Say you have the intention to go to the gym today,
but without stopping to think you grab a pizza and you eat it
and you don't go to the gym.
Was that wisdom or was that freedom of choice?
Really, that was probably your unconscious habits running the show. Our lives are full of these
unconscious habits that are, without us realizing it, running the show. And in many cases, we pass
it off as us just living life or being spontaneous, but it's honestly the opposite. Some of these
habits are insignificant and others
will interfere greatly with our happiness and our well-being. Without restraint, we stay stuck in
the same old cycles and it keeps us bound and limited. Cheaters keep cheating on their partners
and destroying meaningful relationships. Unhealthy people keep eating unhealthy food that is making
them overweight and depressed. We can't break the cycle because we're allowing our unconscious habits to run the show.
Restraining ourselves offers and creates a window of opportunity for change to happen.
When we pause before the habit has us barreling down the road,
which always leads to the same disappointing outcome,
we create a chance to finally discern between the appropriate, conscious, desired response
and the dangerous cyclical habit. We've all been there. The common meaning of the word restraint
speaks to holding ourself back and repressing and trying to keep cool, right? The implication
is that by restraining ourselves, we relinquish freedom and sacrifice spontaneity. That's what
people generally think when they think of restraint. They think of giving up your freedom and your spontaneity. But in fact, when I really, really think about it,
the opposite is true. Real freedom comes from not being ruled by our unconscious habitual patterns
and desires that are nearly always driven by fear, insecurities, or bad experiences from the past.
Real spontaneity arises when you have control.
It arises from the space that remains when the habits are put to rest and when you have
control and clarity to make the decision on your own. I have not been in control in so many elements
of my life when it comes to trying to achieve a certain outcome, whether that's trying to get big
muscles in the gym or trying to be,
listen, I've never cheated on anybody,
just for the record.
But I think I've avoided relationships in the past
because I was unsure whether I could commit to somebody
because of my lack of restraint in certain situations.

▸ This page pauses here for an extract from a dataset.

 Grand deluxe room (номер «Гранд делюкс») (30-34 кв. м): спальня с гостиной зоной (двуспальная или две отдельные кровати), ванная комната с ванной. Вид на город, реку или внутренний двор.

How I've gotten to 26 and not cheated on anybody
is because I've avoided relationships, right?
I'm just being completely honest.
If this makes me sound like a dick,
then listen, you listen to this podcast for honesty, right? And I used to think
that being able to get whatever I wanted in life was the key to my happiness. But the problem I
encountered in all areas of my life was that you often can't have everything you want, because
some things exist in opposition to something else that you want. You can't have waffles
for breakfast every morning whilst having a six pack and a great physique every day. I couldn't start a successful business
at 18 years old whilst also maintaining a great social life and never missing a night out with
my friends. You can't kiss all the girls and boys that you meet that you think are pretty while
still maintaining a meaningful relationship with a girlfriend or boyfriend. Things exist in contrast
and in conflict, right? I'll be honest
with you. At times, I felt so frustrated that I can't have the best of both worlds in my life.
For example, I'm currently working really hard in the gym to get in great shape and to get a six
pack for summer. And by the age of 27, which is in about a month's time, I want to look really good,
you know? And I really, really would love to get a six pack, which means I can't eat
waffles. But the problem is, I really, really like waffles. In fact, most things that taste amazing
would cost me my six pack. So philosophically, I started thinking about why I can't just have
everything that I want at once, and why life and the world is designed in this way. I imagined,
for a second, a world where I could have everything I want, where I could have
a permanent six-pack and all the waffles I want every single day for breakfast, right? And it
slowly dawned on me that the only reason I value having a six-pack is because it's hard to get.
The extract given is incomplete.